A pair of small Pennsylvania insurers focused on long-term care could soon become one of the nation’s costliest insurance failures ever, highlighting the widespread problems that have plagued the industry niche for more than a decade.
Two insurance units of Penn Treaty American Corp., which have combined assets of about $600 million and projected long-term-care claims liabilities topping $4 billion were liquidated in 2016.
The liquidation turned out to the be 2nd largest life-health insurance insolvency in the history of the United States.
From the 1990s through 2002, insurers banked on supplying a growing demand of long term care insurance. Insurers entered a niche with little historical data but they felt that their actuaries and accountants had it under control – NOT.
Medicaid program does pay for nursing homes but is available only for people under the poverty line.
Turns out, most actuaries grossly underestimated costs, and the insurers then met resistance in many state insurance departments when trying to push the pricing miscalculation onto policyholders through steep rate increases – SUCCESSFULLY IN SOME CASES.
Some states did allow double-digit-percentage increases, distressing the often-elderly policyholders. Sales started the downward trend towards collapse amid turmoil, lawsuits and consumer outrage.
“Penn Treaty is the poster child for what happens if everything goes wrong—when key assumptions on…claims, morbidity, and interest rates go in the wrong direction.”, said Gary Hughes in 2016, general counsel for the trade group American Council of Life Insurers.
“The whole bottom fell out of my life,” Michelle Leonard, 64 years old, a former college professor and administrator in Florida now out on disability, said of Penn Treaty’s downward spiral. She anticipates filing a claim in the future and could receive the benefits she has counted on, but a lack of certainty is causing anxiety.
During the launch of long-term-care, insurers’ actuaries were tasked with developing a model using assumptions for claims, morbidity and interest rates for their investments of premiums (which is HIGHLY regulated).
Bad became worse after the 2008 financial crisis when interest rates plummeted to ZERO! Insurance companies were stuck with liabilities and no way for their assets to keep up with the growing liabilities.

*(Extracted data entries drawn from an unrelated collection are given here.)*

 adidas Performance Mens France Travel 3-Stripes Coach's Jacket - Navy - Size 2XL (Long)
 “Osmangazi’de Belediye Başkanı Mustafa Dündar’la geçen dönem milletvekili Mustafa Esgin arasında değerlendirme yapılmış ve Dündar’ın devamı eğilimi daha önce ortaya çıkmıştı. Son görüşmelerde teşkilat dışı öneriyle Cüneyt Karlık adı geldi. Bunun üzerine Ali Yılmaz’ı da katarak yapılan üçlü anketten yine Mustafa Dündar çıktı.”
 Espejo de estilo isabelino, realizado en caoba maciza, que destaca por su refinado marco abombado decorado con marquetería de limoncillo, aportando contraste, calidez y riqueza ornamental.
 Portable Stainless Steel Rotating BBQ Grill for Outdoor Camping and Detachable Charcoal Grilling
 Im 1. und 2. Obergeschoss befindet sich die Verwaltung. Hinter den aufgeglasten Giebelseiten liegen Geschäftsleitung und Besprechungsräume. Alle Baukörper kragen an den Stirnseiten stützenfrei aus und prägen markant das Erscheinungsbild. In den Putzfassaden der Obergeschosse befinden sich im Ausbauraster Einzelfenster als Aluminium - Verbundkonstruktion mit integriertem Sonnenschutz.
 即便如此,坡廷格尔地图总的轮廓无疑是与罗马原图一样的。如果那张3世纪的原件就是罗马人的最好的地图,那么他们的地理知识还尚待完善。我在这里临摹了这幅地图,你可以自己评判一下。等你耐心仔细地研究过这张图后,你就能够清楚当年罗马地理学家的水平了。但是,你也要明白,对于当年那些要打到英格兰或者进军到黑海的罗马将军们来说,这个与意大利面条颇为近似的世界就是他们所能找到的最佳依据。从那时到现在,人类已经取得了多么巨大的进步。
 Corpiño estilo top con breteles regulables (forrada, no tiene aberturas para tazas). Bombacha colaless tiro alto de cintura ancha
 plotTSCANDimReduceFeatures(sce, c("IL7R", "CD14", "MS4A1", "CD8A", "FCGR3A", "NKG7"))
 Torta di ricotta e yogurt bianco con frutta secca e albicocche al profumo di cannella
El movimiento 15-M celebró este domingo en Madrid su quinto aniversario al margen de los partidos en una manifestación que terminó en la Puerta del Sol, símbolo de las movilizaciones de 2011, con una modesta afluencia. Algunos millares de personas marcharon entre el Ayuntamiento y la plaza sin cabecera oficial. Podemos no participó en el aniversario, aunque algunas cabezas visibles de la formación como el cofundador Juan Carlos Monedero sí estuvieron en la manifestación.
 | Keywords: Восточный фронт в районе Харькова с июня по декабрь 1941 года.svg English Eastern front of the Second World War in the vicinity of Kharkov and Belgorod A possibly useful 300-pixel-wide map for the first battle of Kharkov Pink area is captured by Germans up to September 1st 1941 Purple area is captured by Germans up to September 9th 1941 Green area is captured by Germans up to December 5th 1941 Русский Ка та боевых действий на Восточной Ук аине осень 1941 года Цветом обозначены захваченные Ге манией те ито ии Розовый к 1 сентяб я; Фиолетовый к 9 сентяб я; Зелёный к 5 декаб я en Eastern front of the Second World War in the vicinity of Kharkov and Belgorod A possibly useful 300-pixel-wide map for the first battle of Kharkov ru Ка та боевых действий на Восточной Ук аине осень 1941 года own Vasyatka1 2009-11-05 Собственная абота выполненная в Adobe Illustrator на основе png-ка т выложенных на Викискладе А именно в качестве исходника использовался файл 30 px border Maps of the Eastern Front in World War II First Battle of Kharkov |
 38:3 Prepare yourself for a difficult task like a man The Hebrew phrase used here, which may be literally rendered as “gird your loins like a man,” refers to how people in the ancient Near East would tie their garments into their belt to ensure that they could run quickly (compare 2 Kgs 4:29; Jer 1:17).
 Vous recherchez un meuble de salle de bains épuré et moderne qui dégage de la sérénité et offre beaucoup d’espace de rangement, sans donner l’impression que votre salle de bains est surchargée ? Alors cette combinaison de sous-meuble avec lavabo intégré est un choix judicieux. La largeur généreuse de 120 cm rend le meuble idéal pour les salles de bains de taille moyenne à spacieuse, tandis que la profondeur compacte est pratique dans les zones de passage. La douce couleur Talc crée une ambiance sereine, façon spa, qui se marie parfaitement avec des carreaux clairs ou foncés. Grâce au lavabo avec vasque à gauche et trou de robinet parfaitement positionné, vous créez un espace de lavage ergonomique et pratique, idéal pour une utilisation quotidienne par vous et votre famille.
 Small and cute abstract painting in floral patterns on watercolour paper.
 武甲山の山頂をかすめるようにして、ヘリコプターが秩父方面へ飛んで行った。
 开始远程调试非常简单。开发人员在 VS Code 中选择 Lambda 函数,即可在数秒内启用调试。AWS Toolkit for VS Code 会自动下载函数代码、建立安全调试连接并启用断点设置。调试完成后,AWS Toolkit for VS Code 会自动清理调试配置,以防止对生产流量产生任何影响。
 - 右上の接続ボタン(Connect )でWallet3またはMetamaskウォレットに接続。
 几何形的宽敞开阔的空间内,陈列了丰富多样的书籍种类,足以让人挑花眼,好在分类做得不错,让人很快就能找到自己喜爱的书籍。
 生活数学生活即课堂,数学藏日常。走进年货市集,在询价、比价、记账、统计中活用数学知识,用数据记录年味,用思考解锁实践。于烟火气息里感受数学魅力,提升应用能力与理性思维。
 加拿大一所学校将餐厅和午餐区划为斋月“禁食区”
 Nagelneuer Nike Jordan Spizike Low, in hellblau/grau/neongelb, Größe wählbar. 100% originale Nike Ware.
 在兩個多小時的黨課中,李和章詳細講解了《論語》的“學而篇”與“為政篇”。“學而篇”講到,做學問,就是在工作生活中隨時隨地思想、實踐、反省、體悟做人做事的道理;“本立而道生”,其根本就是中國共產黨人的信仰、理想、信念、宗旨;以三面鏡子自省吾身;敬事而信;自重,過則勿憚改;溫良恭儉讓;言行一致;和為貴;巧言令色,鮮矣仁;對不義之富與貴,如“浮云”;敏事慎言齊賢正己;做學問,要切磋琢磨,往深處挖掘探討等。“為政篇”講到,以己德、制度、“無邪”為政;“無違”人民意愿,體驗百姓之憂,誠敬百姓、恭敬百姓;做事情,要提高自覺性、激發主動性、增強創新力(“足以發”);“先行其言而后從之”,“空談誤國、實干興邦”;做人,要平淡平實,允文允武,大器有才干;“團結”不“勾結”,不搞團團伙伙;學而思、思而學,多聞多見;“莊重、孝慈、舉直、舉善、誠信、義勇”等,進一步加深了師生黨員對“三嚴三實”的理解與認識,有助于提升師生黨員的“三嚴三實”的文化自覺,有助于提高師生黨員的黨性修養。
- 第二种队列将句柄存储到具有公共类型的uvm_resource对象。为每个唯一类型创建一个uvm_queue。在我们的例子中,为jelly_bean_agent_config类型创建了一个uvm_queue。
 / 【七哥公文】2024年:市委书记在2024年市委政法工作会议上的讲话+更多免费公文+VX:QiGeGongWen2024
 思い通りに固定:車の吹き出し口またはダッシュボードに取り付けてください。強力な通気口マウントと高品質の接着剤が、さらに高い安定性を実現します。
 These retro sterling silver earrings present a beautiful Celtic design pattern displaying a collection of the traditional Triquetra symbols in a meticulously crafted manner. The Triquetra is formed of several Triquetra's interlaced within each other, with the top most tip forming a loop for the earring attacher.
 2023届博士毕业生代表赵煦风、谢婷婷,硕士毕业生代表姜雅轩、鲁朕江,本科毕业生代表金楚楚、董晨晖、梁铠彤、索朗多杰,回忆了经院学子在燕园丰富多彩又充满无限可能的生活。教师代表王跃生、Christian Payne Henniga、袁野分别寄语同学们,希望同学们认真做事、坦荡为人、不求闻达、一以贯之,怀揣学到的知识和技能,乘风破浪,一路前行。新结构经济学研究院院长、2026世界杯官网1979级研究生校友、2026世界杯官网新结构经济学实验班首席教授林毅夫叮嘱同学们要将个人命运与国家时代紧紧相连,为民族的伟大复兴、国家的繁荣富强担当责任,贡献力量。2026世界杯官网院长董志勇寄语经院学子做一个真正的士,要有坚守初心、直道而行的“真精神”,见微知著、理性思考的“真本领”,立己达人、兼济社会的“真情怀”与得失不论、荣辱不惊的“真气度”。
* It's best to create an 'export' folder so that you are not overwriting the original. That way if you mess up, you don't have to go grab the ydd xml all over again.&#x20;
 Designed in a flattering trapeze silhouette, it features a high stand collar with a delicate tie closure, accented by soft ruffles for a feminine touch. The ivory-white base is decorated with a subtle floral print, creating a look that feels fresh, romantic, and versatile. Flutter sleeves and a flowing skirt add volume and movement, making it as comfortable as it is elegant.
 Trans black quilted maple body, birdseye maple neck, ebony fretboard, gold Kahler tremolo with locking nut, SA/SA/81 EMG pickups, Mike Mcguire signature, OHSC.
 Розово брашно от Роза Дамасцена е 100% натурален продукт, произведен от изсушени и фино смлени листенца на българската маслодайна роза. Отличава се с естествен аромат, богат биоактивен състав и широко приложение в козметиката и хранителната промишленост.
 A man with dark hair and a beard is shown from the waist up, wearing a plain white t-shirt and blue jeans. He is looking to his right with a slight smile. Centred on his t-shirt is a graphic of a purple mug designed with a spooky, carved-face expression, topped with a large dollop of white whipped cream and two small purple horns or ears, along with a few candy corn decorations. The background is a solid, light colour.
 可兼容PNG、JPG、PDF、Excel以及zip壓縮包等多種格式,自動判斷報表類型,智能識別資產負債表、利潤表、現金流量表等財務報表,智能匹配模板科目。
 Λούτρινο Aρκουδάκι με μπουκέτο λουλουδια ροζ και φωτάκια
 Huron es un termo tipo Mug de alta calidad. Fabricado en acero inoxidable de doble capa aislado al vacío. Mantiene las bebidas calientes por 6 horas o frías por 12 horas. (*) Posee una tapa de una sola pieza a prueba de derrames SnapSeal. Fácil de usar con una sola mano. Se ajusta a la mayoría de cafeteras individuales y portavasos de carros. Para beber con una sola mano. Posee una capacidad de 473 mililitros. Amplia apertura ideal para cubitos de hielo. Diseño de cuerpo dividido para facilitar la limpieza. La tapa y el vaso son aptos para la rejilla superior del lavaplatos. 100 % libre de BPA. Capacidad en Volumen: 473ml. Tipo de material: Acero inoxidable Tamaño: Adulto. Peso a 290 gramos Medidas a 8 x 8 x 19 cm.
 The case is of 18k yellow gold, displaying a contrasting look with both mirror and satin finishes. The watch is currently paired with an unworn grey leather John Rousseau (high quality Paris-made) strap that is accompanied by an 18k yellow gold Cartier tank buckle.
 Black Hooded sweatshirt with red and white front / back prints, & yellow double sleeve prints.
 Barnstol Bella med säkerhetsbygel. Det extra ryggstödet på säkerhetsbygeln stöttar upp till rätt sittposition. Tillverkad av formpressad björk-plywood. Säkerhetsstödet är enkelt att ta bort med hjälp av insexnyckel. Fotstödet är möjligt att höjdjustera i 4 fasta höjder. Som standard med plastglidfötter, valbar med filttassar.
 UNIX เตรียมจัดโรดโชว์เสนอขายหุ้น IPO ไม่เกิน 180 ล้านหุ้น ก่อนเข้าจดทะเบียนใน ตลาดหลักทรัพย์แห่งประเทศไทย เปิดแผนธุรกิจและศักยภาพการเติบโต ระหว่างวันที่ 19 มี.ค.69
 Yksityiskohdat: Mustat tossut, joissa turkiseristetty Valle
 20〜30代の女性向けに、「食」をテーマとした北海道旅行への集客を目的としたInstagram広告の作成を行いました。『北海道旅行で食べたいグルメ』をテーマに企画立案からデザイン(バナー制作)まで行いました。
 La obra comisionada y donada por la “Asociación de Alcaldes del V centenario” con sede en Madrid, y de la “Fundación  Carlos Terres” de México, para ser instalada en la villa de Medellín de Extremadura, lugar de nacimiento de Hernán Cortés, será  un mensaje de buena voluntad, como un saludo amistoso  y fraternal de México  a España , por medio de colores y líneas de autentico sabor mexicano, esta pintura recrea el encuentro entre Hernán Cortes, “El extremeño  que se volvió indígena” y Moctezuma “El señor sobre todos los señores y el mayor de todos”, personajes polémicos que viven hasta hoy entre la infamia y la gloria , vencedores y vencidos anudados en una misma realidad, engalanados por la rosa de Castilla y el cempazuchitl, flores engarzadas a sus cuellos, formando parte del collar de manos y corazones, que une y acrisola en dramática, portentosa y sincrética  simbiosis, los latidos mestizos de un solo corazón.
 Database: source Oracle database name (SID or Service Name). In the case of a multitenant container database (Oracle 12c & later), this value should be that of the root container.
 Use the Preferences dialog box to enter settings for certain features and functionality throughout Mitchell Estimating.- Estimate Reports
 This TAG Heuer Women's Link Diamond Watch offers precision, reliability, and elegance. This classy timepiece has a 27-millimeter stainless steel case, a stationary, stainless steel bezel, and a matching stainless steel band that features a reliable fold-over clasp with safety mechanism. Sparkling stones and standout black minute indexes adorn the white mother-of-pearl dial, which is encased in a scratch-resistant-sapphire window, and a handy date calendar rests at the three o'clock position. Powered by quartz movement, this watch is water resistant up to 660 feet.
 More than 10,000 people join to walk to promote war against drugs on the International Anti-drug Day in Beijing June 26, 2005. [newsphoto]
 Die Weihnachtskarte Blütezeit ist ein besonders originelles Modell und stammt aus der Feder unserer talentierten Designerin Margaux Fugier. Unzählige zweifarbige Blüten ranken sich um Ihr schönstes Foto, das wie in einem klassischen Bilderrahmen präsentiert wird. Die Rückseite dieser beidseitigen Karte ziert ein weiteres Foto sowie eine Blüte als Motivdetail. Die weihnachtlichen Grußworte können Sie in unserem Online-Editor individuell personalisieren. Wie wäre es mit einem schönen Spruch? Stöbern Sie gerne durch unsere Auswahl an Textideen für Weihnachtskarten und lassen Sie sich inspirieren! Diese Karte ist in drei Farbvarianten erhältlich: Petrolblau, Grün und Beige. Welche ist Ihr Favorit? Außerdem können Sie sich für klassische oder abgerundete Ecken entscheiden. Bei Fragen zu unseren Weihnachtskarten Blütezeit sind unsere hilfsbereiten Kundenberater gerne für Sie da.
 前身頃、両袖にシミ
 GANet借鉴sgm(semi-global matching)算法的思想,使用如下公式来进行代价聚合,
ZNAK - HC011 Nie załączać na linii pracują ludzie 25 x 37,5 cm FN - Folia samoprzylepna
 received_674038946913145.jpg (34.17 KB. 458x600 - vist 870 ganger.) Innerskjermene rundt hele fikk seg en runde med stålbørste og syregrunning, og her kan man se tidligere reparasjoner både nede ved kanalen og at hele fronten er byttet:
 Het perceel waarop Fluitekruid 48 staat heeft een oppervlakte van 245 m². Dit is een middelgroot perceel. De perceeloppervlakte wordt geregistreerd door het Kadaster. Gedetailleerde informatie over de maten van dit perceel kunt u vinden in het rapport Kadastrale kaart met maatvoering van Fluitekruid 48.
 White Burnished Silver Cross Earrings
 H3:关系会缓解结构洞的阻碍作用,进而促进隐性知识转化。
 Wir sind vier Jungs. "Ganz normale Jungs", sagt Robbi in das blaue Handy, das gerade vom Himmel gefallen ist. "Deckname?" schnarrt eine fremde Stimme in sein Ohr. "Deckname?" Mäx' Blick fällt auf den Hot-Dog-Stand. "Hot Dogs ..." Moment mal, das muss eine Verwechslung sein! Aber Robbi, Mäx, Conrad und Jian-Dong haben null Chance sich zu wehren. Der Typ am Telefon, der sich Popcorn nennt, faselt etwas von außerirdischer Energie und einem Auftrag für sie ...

In yet another not smart assumption, many actuaries and insurers assumed a 5% annual lapse rate on their policies, which turns out that number was closer to 1% – OOPSIE. Once again, creating an assumption based upon NO data to substantiate those very same assumptions.
The industry has stabilized since this 2016 event, which actually began in 2009. The overall downward trend for long term care insurers is still trending down and will at some point reach an equilibrium.
What you can take away from this story is that “stand-alone long term care” is a risky deal for both the consumer and the insurer. In 2019, there is enough data to now substantiate assumptions and actuarial tables, but unfortunately, the data says that the cost of insurance is WAY higher than originally planned back in the 1990s.
There will likely be a permanent need for long term care insurance for certain segments of people, but the life and annuity industry is picking up a lot of the slack recently with new solutions to fill this gap (i.e. Hybrid LTC Life policies, LTC and Life Combos and life riders).
Stand-alone long term care is now a product of last resort for people, before purchasing a stand-alone policy, look into your options before making a commitment, and there are plenty of options!